I must not be supposed to mean that the artist begins with an abstract conception, and that he then proceeds to search for objects suitable to its concrete representation. There are, I know, brilliant novelists and painters who have proceeded in that manner; but the result, to my mind, seldom reveals that complete unity of object and idea which men require; for this method is so dependent upon the intellectual fitting of facts to idea that either the facts are forced and made unreal, or the idea is sacrificed. I am told that in the case of Mr. Joseph Conrad the process is reversed; he perceives, as by vision, some intense single situation—that picture, for instance, in Lord Jim, where the Captain looking over the side of his ship is tempted to desert his crew. Such a situation, a focal point in a story, is for the artist object and idea in one, simultaneously presented by the imagination; the union of matter and spirit is already there at the moment of creation; and in that way, I imagine, most of the finest pictures, poems, dramas and stories have been first conceived. When once that focal point has been presented in all its vividness and significance by the imagination, it remains for the artist to mass his detail in and around it as appropriately as his invention and technique permit.
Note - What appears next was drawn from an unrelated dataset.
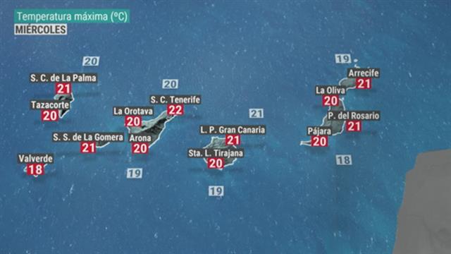 10/02/2021 00:00:53Seguimos con ambiente variable en las Islas Canarias. Van llegando nubes algo más desarrolladas a la vertiente norte donde no se descarta esta tarde alguna precipitación de carácter débil. Vientos flojos a moderados y temperaturas propias de la época. Valores máximos que se mueven entre los 18ºC previstos en Valverde, El Hierro, y los 22ºC de Santa Cruz de Tenerife. En torno a los 21ºC se queda en Las Palmas de Gran Canaria.

We have now reached conclusions which were approached from two distinct points of view. Starting from certain axioms or self-evident propositions, and looking at art from the outside, I suggested that it must provide us with an energetic experience which we value for its own sake without thought of consequences or alien interests, an experience which has a fineness or an illuming quality of its own. And examining the same question from the inside—from the side of the mental processes implied in the act of creation—I have tried to adapt the conclusions of Coleridge to a view which should not pre-suppose his metaphysic, and have asked what is implied in this fineness or illuming quality in a work of art, this which is called beautiful. And when we learnt that all creative art comes from the imagination of the artist projecting itself upon the material of life, I concluded that the two things essential to the creative imagination were knowledge and sincerity—knowledge of life itself, so that the artist can use an intelligible language and speak in terms of things real to everyone—and sincerity, meaning conformity with that which is essential or central in the artist himself. Art is thus a representation of actual life in terms of the artist. It must be real, and it must be ideal. It is the act of genius to be able to give us in one and the same creation a representation of nature and an expression of the artist's personality. This is the new thing which genius constantly adds to the sum-total of human experience—it is the old stuff of life quickened and illuminated by the new incarnation. And thus the stuff of life itself is increased, and succeeding artists start with a wider range of material.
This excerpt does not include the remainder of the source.